Только после того, как Менгу-Тимур выдал русским церковным властям охранную
грамоту, церковь еще раз оказалась на твердой почве и могла постепенно
реорганизоваться; по прошествии времени в некоторых отношениях она стала
даже сильнее, чем до монгольского нашествия. И правда, руководимая греческими
митрополитами, посвященными в сан Византии, защищенная ханской грамотой,
церковь на Руси тогда меньше зависела от княжеской власти, чем в какой либо
иной период русской истории. Это время было также периодом, когда русская
церковь имела возможность создать мощную материальную базу для своей
деятельности. Уровень процветания, достигнутый церковью к концу первого
века монгольского владычества, поначалу чрезвычайно помог в ее духовной
деятельности.
Среди задач, стоявших перед церковью в монгольский период, первой была задача
оказания моральной поддержки ожесточенным и озлобленным людям – от князей до
простолюдинов. Связанной с первой была и более общая миссия – завершить
христианизацию русского народа. В киевский период христианство утвердилось
среди высших классов и горожан. Большая часть монастырей, основанных в то
время, находилась в городах. В сельских районах христианский слой был
довольно тонким, и пережитки язычества еще не были побеждены. Только в
период монгольского ига сельское население Восточной Руси было более
основательно христианизировано. Это было достигнуто как энергичными усилиями
духовенства, так и ростом религиозного чувства среди духовной элиты самого
народа. Большая часть митрополитов того периода проводила много времени,
путешествуя по всей Руси в попытках исправить пороки церковной администрации
и направить деятельность епископов и священников. Было организовано несколько
новых епархий, четыре в Восточной Руси, две в Западной. Количество церквей и
монастырей постоянно увеличивалось и в городах, и в сельских районах.

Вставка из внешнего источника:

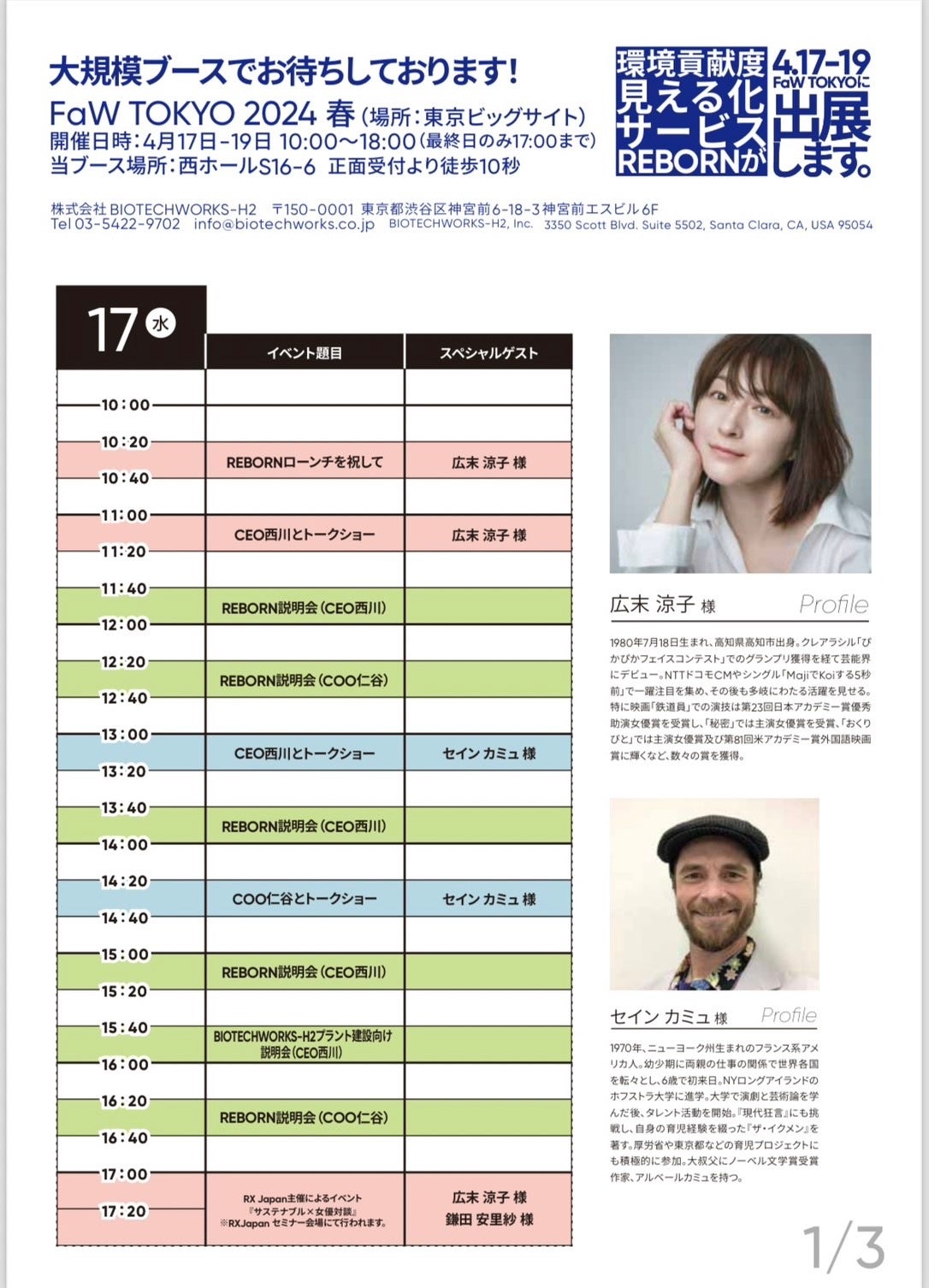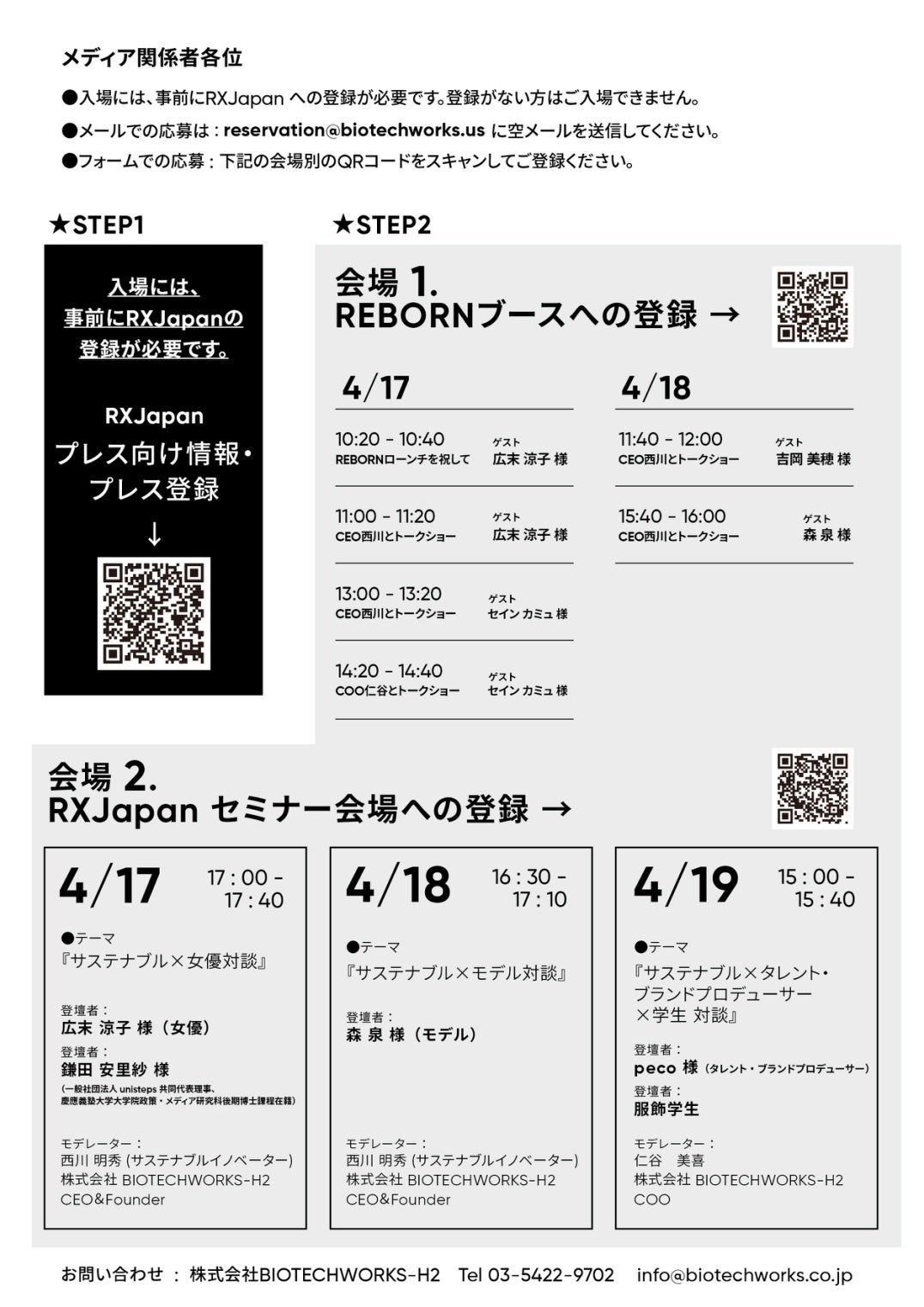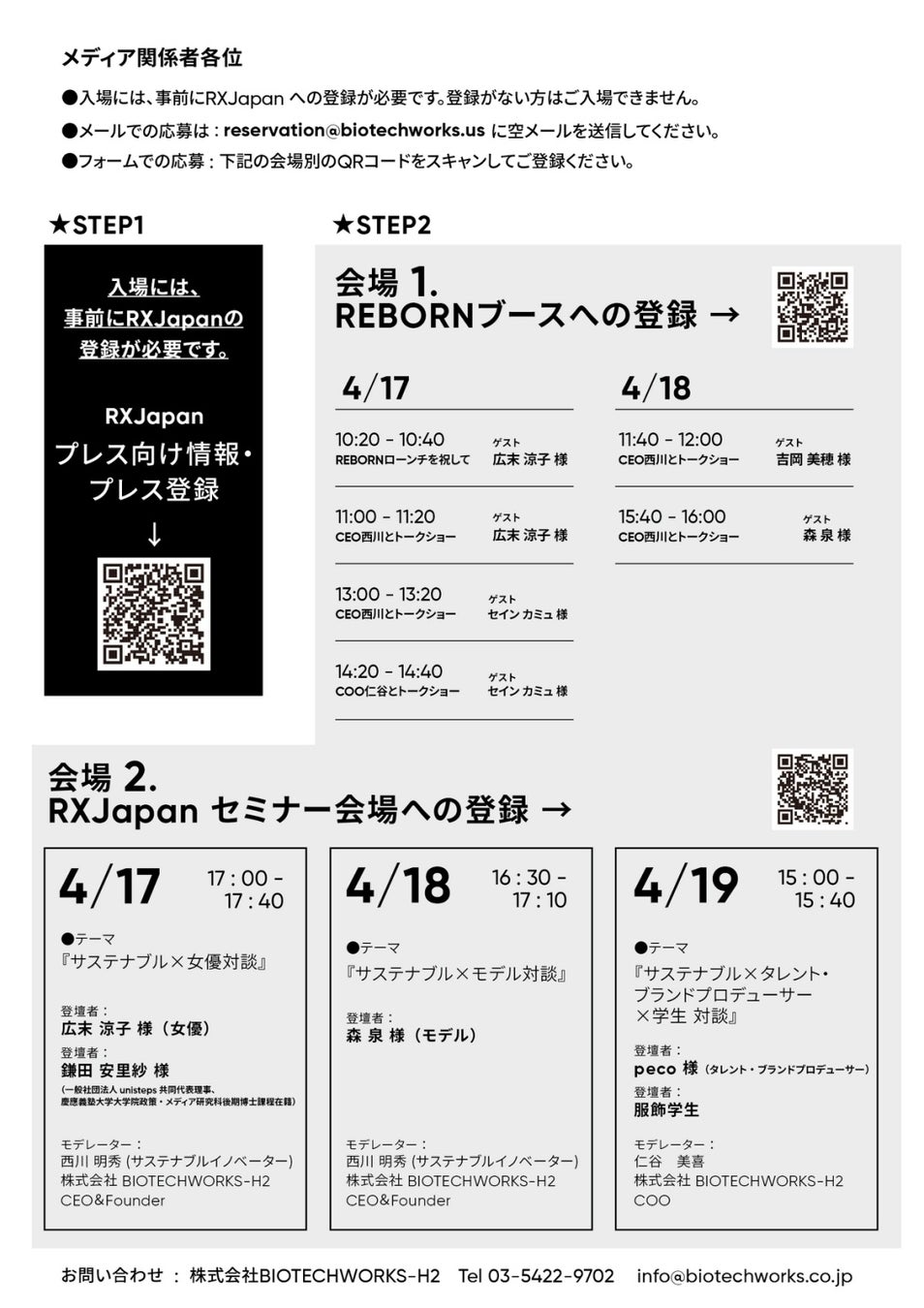 BIOTECHWORKS-H2ブースへの取材応募: https://form.run/@reborn-event

Согласно Ключевскому, в первое столетие монгольского периода основали
тридцать монастырей и примерно в пять раз больше - во второе. Характерной
чертой нового монастырского движения являлась инициатива молодых людей с
горячим религиозным чувством, которые, приняв монашеский сан, удалялись в
пустыни для тяжелой работы, молитв и размышлений. Несчастья монгольского
нашествия и княжеских усобиц, а также суровые условия жизни в целом
способствовали распространению подобных умонастроений. Вдохновителем
монашеского движения стал преподобный Сергий Радонежский, оказавший огромное
влияние на духовное развитие и своих современников, и последующих поколений.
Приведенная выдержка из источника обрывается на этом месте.